::: Raw data :::

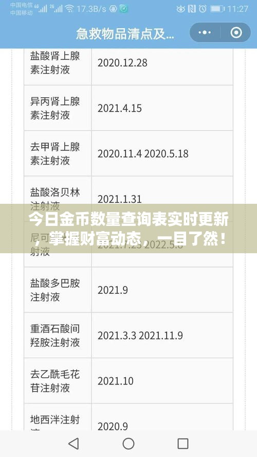 掌握最新的金币数量查询表,对于投资者来说是非常重要的,通过官方平台、第三方平台和查询表,你可以轻松了解自己的金币数量,并把握市场动态,也需要注意保护个人隐私和账户安全,防范风险,希望本文能为你提供有用的信息,助你更好地管理你的虚拟资产。
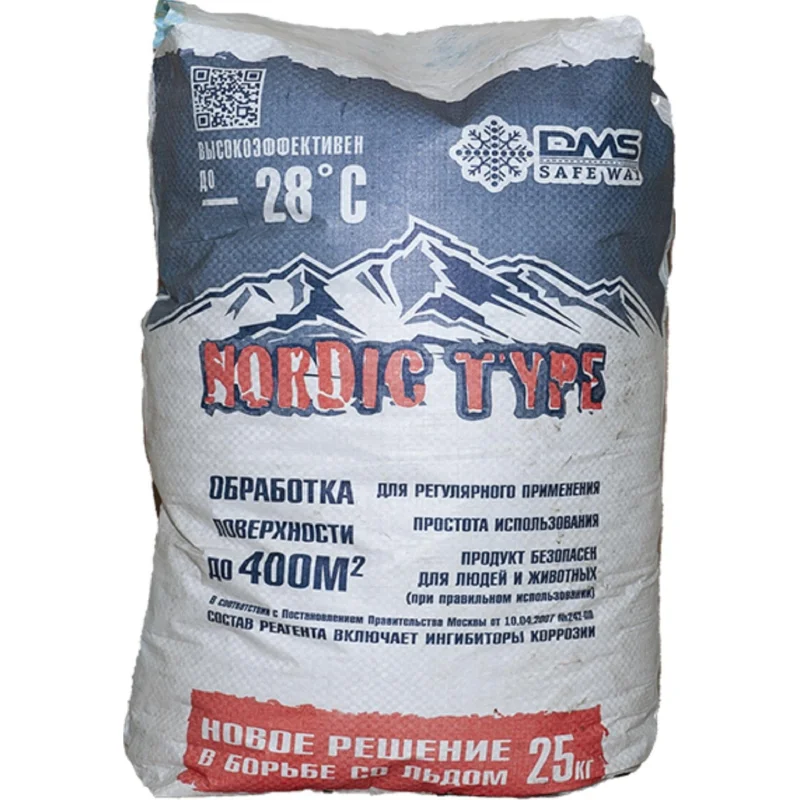 Реагент противогололёдный DMS Safe Way Nordric Type — химический реагент, предназначенный для эффективной борьбы с гололедицей. Этот продукт идеально подходит для применения в местах массового скопления людей, на тротуарах, пешеходных дорожках, площадках торговых, офисных и жилых зданий, а также в местах развлекательной индустрии, парковых зонах и дачных участках. Реагент активно используется для предотвращения образования льда и для удаления уже образовавшегося льда при морозах до −28°C.
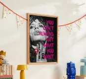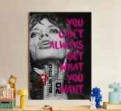 Poster di un dipinto originale in tecnica mista. Mick Jagger, The Rolling Stones, musica, band, citazione, musicista, rock star, leggenda, cantante, lingua, nero, rosa, Satisfaction

:::

Give the listing above again in its entirety and exactly; do not include the pictures.

 掌握最新的金币数量查询表,对于投资者来说是非常重要的,通过官方平台、第三方平台和查询表,你可以轻松了解自己的金币数量,并把握市场动态,也需要注意保护个人隐私和账户安全,防范风险,希望本文能为你提供有用的信息,助你更好地管理你的虚拟资产。
 Реагент противогололёдный DMS Safe Way Nordric Type — химический реагент, предназначенный для эффективной борьбы с гололедицей. Этот продукт идеально подходит для применения в местах массового скопления людей, на тротуарах, пешеходных дорожках, площадках торговых, офисных и жилых зданий, а также в местах развлекательной индустрии, парковых зонах и дачных участках. Реагент активно используется для предотвращения образования льда и для удаления уже образовавшегося льда при морозах до −28°C.
 Poster di un dipinto originale in tecnica mista. Mick Jagger, The Rolling Stones, musica, band, citazione, musicista, rock star, leggenda, cantante, lingua, nero, rosa, Satisfaction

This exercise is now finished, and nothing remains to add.